I have always been afraid of falling off bridges.

I’ve spent the last two years arguing myself out of and back into every possible path I could take, and I’m starting to wonder if this purgatory I can’t seem to get out of is punishment for the decisions I can’t seem to make.

This happened a long time ago, so don’t worry. Even if it didn’t, pretend that it did.

Last night, I told A. about the horrible breakup, and then I came home and repeated the tale to B. and Z., even though B.’s been hearing it for months. It’s funny, no matter how many times I tell the story, how many people call him names or fume with the outrage I can no longer conjure, it never seems to make much of a difference.

I mistook the falling rain for approaching footsteps, so when the rainbow appeared, I didn’t want to look.

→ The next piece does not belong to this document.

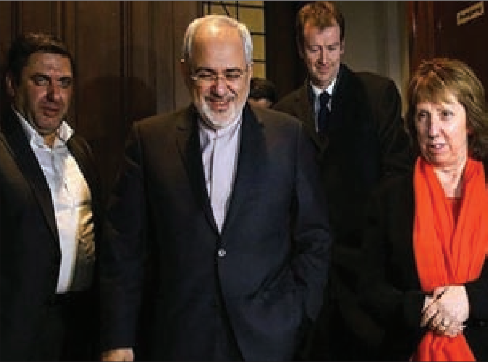
ظريف وآشتون في جنيف

وقال فاليري بولوتوف رئيس جمهورية «لوغانسك الشعبية» إن مزاعم النيابة الأوكرانية حول مسؤولية قوات الدفاع الشعبي عن مقتل الصحافيين الروسيين، كاذبة وملفقة، وأضاف: «كما تعلمون أنه كذب جديد. الصحافيون قتلوا جزءاً قصف استهدفهم عمداً»، وأكد العثور على «رصاصات قصص في جسد أحد الصحافيين». وقال فاليري بولوتوف رئيس جمهورية «لوغانسك الشعبية» إن مزاعم النيابة الأوكرانية حول مسؤولية قوات الدفاع الشعبي عن مقتل الصحافيين الروسيين، كاذبة وملفقة، وأضاف: «كما تعلمون أنه كذب جديد. الصحافيون قتلوا جزءاً قصف استهدفهم عمداً»، وأكد العثور على «رصاصات قصص في جسد أحد الصحافيين».

I’ve been shaving my legs for fifteen years, and I’m still shocked by how much blood a single nick of the razor can draw. The sudden sting that rises when open skin meets water. Whenever I feel it happen, I put down the blade and shut off the shower and wait for the blood to bead out of hiding.

I don’t understand the concept of choices at all.

I have always been afraid of falling off bridges, but I leap into love like a woman who would skydive not knowing if her parachute will open. Just a few words hit in just the right spot, and I’m smitten. Be anything at all sort of like the kind of person I think I need, and I’m yours. The therapist I don’t have would raise a high brow, I know, at this rampant, desperate behavior.

Generally speaking, we all know much more than we’d like to admit.

That night, A. and I also talked about a mutual acquaintance who got accepted into a prestigious grad program in New York and is now here in Portland, raising a baby. “I think she went, though,” I said. “I think she finished, and then she came back and had the baby.” Relief flooded A.’s face. “Oh good,” she said, and closed her eyes. “I’d hate to think…” She didn’t finish, but she didn’t have to. We both knew what she’d hate to think.

No matter how many times I repeat the story, I’m never satisfied with how it comes out. I’m starting to think I’m not telling it right.

During our first session, the therapist says, “Do you know the term ‘moderation’?” I assume both the fact that I say, “No,” and that it doesn’t even occur to me to lie is going to count in my favor. Then again, when the clown asks the same question, I throw popcorn in his face and run. So I guess it depends on who wants to know.

Why do I always choose to go outside the moment the sky splits open?

In her novel, Contents May Have Shifted, Pam Houston says, “I don’t think it is so much about the story anymore. I think it’s about what kinds of possibilities are out there when you can finally stop telling the story.”

You wouldn’t think someone like me could forget how to use her imagination.

Whenever people try to comfort me by saying, Oh, but you’re still so young, what I hear is, You’re not old enough to want things as badly as you do. Because, if I’m honest, I don’t think I’m good enough and never really have. In some ways, I’ve been waiting my whole life for someone to come along and give me permission.

Things I’ve been asking myself lately: does the story choose you, or do you choose the story?

I’m starting to wonder if writer’s block is really a thing, or if it’s just something I’ve invented because I don’t remember how to try. I mean, it stopped being about him a long time ago. I’m starting to wonder if it ever really was.

I have always been afraid of falling off bridges. Oh, but do I know how to fall.

If you ask me, “How much of this is true, and how much isn’t?” I will have to respond, “Does it matter?” If the metaphor conveys more accurate emotions than the reality, isn’t that what’s most important? Not the color of the water, but how it looked when I was in it. Adding a body changes everything.